Making a “MiniKanren” using Z3Py

Relational/logic programming is quite cool. It let’s you do things that sound impossible, like run a program backwards. Using Z3py to do a lot of heavy lifting, there’s a cute, simple, and pretty powerful little microkanren you can make. You can have it answer queries like the following that run list append backwards.

q = Const("q", List)
r = Const("r", List)
runq([q,r], appendo(q,r,cons(2,cons(42,cons(17,nil)))))
'''
Response:
[{q: nil, r: cons(2, cons(42, cons(17, nil)))},
 {q: cons(2, nil), r: cons(42, cons(17, nil))},
 {q: cons(2, cons(42, nil)), r: cons(17, nil)},
 {q: cons(2, cons(42, cons(17, nil))), r: nil}]
'''

Full (very short) implementation here https://gist.github.com/philzook58/242961b16f0e04a731760ca8d272d91c.

A Short Spiel on Minikanren

The minikanren approach builds a embedded relational programming language out of 2 pieces

unification
Some kind of nondeterministic search

The microkanren paper is really good, if you can read a little scheme http://webyrd.net/scheme-2013/papers/HemannMuKanren2013.pdf. I talk more and have more links about microkanren here https://www.philipzucker.com/yet-another-microkanren-in-julia/

The non-deterministic search is structured around the concept of a “goal”. A goal transforms a state into a set of possible refined states based on the assertions of the goal. In other words it can be modelled as a function State -> [State].

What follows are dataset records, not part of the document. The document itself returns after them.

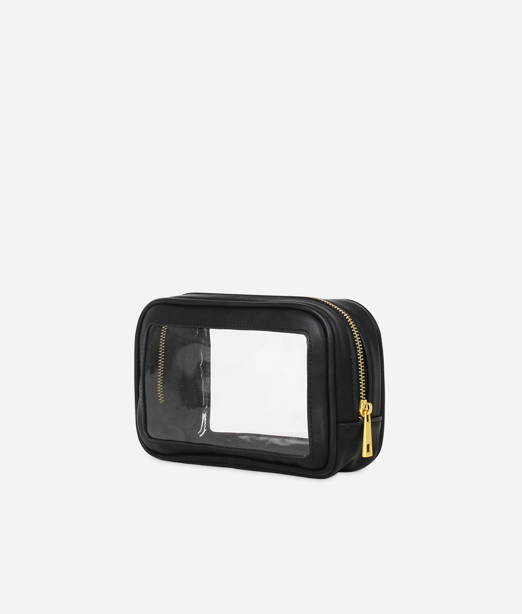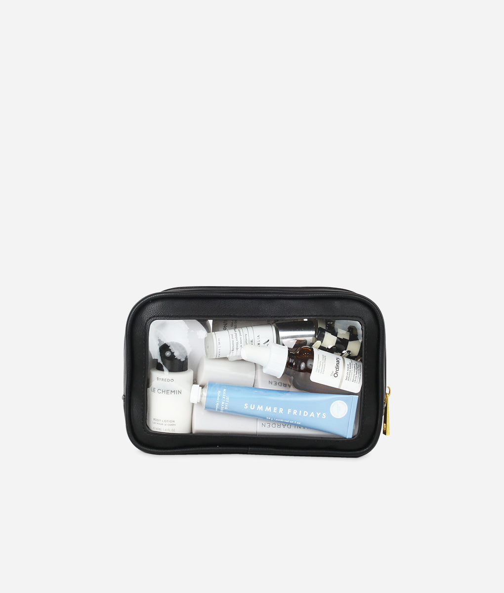Carry your toiletry essentials with the Fawn Small Toiletry Case. The sleek zippered case is made from premium matte faux leather and clear vinyl. It can fit most smaller makeup and cosmetic items, plus an eyelash curler, tweezers, Q-tips, cotton pads + more! The clear view on both sides makes it the perfect size for carry-on toiletries!
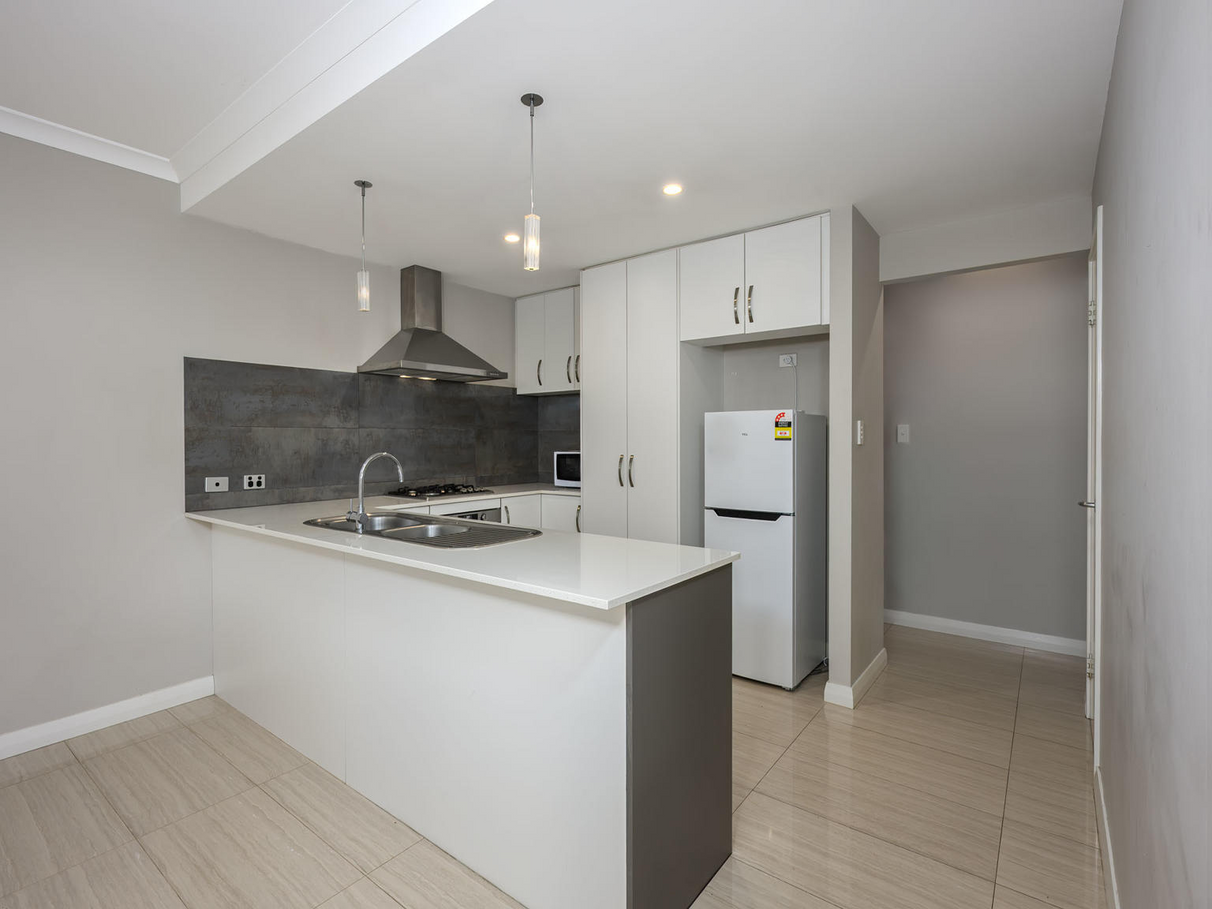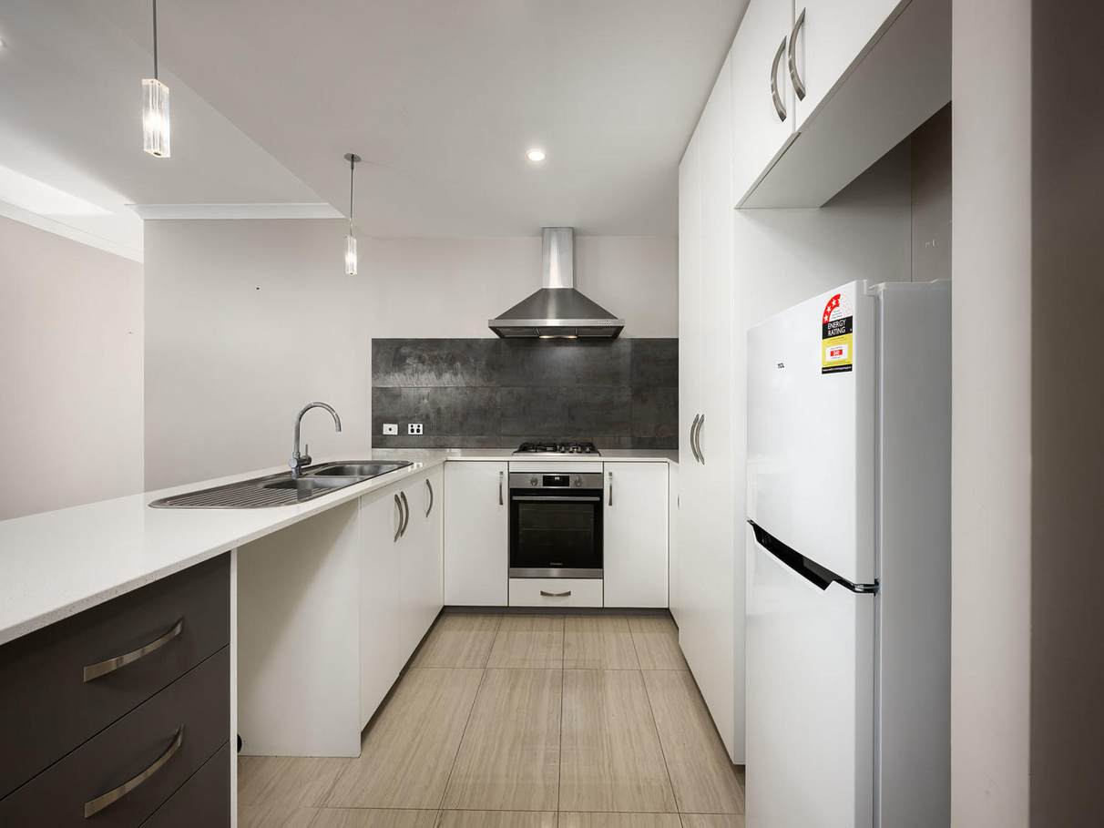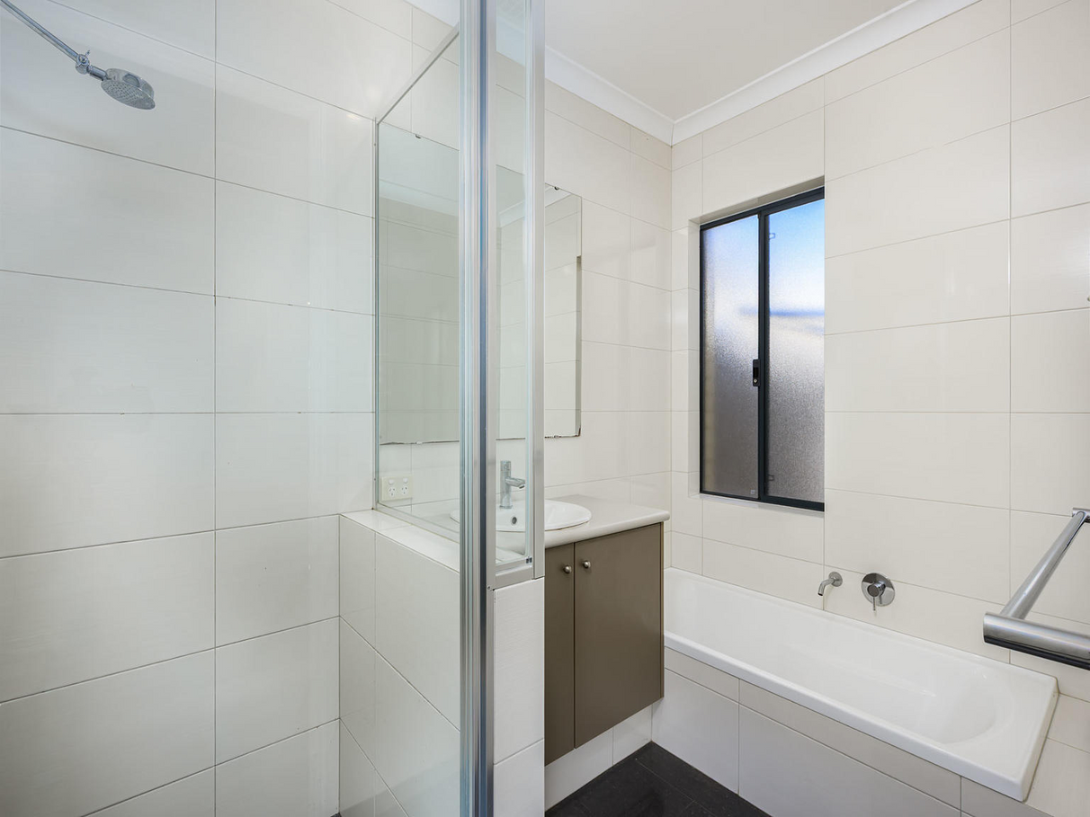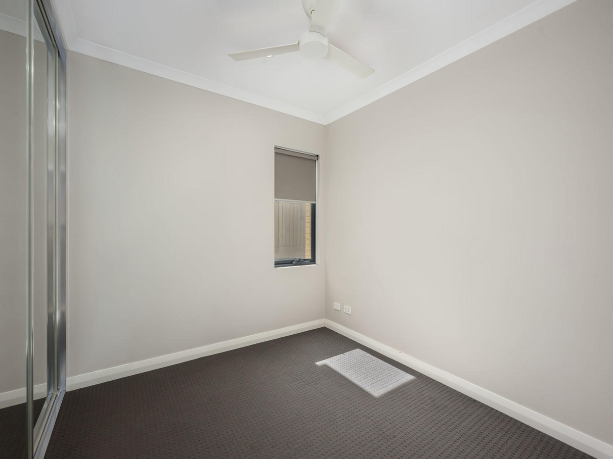 main bedroom with built in robes, ceiling fan and en suite bathroom .
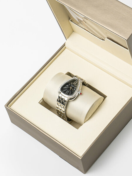 Женские часы BVLGARI Serpenti Style созданы для тех, кто выбирает элегантность и уверенность. Корпус в форме капли со вставками из кристаллов создаёт роскошный акцент, а блестящий браслет со змеиным рисунком подчеркивает уникальность дизайна. Подойдут как для делового образа, так и для вечерних выходов. Доступны в вариантах: серебро, золото-серебро, чёрный и белый циферблат. • Механизм: кварцевый • Корпус: металлический, с кристаллами • Браслет: стальной, регулируемый • Диаметр корпуса: 32×38 мм • Толщина: 9 мм • Цвета: серебристый / чёрный / золото-серебро • Циферблат: с римскими цифрами • Стекло: минеральное • Застёжка: скрытая • Водозащита: 3 ATM
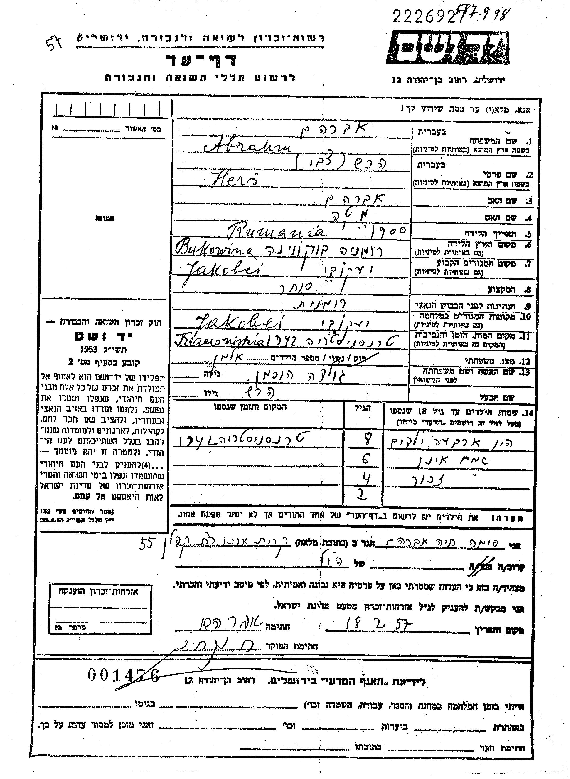Hers Tzvi Abraham wurde im Jahr 1900 in Bukovina, Rumänien geboren. Er war der Sohn von Avraham und Meta. Er war Kaufmann/-frau und mit Golda, geb. Hofman Verwitwet. Vor dem Zweiten Weltkrieg lebte er in Iacobeni, Rumänien. Während des Krieges war er in Iacobeni, Rumänien.

The state of a minikanren search is described by the currently known unifications. Unification is a sort of bidirectional pattern matching. You take two patterns and traverse down them to figure out what variables have to equal, or if it is impossible for them to match. I’m going to short circuit this entire piece to just lean on Z3. This has the upside of not needing to implement it, and the downside of Z3 being rather less controlled / general in what it returns compared to using unification.

A term with variables, let’s call it a pattern, is in some sense is a representation of a set of concrete terms with no variables. For example, the pattern f(?a, c) represents f(c,c), f(bar(z),c), f(g(cons(l)),c) and so on. The patterns represents the set of terms with every possible term substitution into the variables of the pattern. Unification is a way of asking for the intersection of these term sets.

Z3 goes totally concrete though. So when minikanren returns a result that contains patterns, Z3 could return every possible instantiation (which is possibly infinite) of those patterns, depending on how we ask.

Generators

I rather like python generators. You can do some pretty wacko control flow with them.

My internal model of what I am doing is the state of the program is a list of Z3 assertions and goals transform into new lists of z3 assertions. This form would allow for a more normal kanren interleaving search.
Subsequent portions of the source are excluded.